Tonight’s #etmchat re: digital citizenship has brought about another learning curve for me. So many great thoughts about teachers & students sharing online, and how it compares to citizenship in the real world. There are a few concepts I’m still wrapping my mind around, and I’m sure that if I’m stewing over some ideas, there has to be a few people involved with #etmooc that are learning to digest and process these concepts as well.
I think my favourite take-away from tonight’s chat has to be Erin Luong‘s Haiku Deck Presentation about Digital Citizenship. Simplicity is key when I’m learning a new concept, and her project helped to gently introduce me to a few new ideas.

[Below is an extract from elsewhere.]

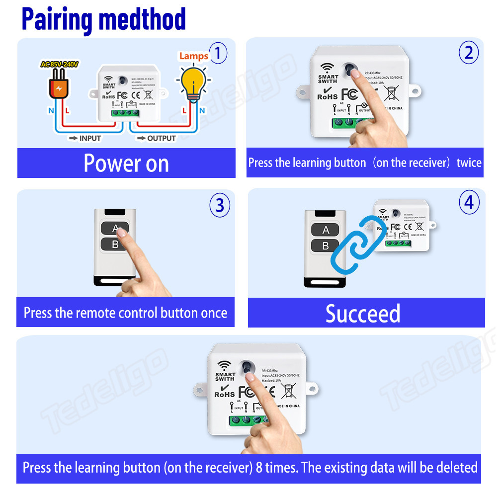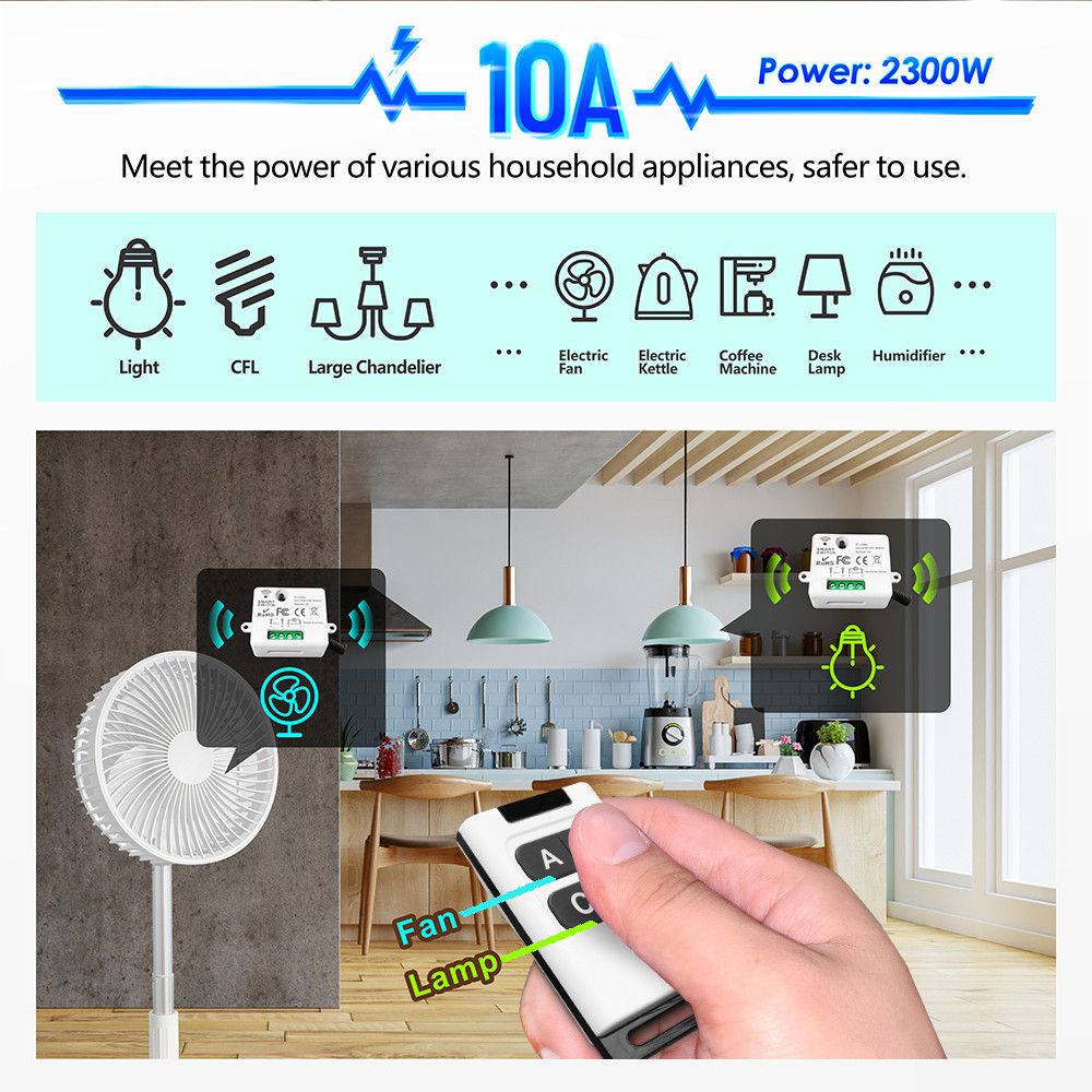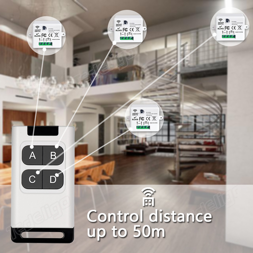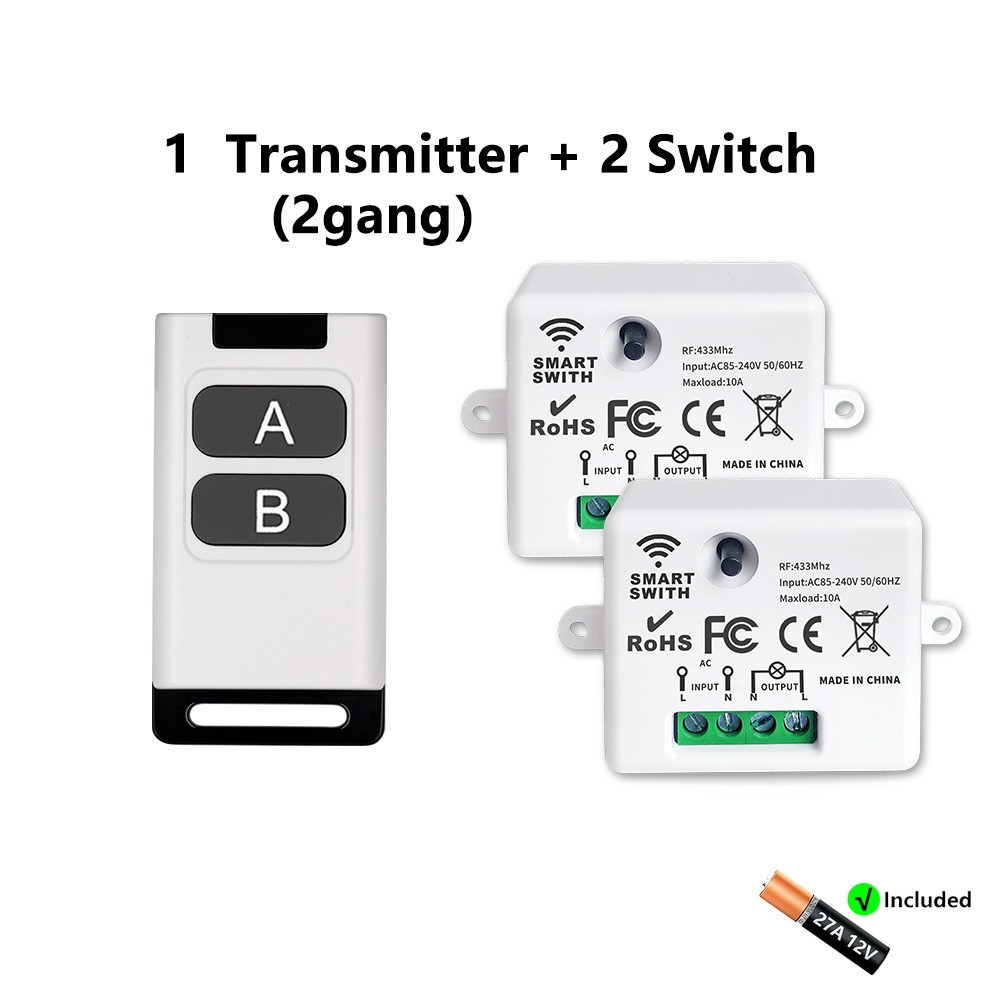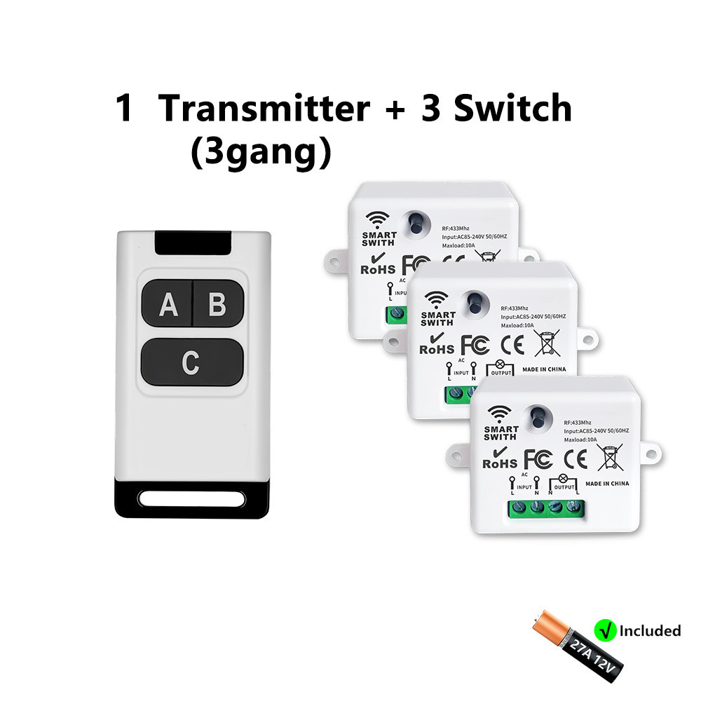 433MHz Wireless Remote Control Light Switch 220V 110V 10A Relay Receiver Control with 1/2/3/4gang Transmitter for Lighting Led

I wish I could have participated in last night’s Blackboard Collaborate session that was facilitated by Alec Couros, since the topic is so relevant in today’s learning environment (for the first time, Blackboard Collaborate didn’t work for me. Very disappointed.). Teachers who are desperate to soak up as much knowledge about technology and how it can enhance student learning in their classroom are destined to navigate the waters of digital citizenship. My first step is understanding what the heck it means (although its definition is seen as ‘nebulous’ [@courosa] — an appropriate term to describe something that seems to fluctuate with multiple perspectives).
Ultimately, my students will benefit from having a teacher who is willing to use and share technology with them. Although so many ideas are new to me, I don’t want my fear to hold me back from providing opportunities to students who are willing to explore and experiment to further their education. I just hope I can help to guide them safely on their journey.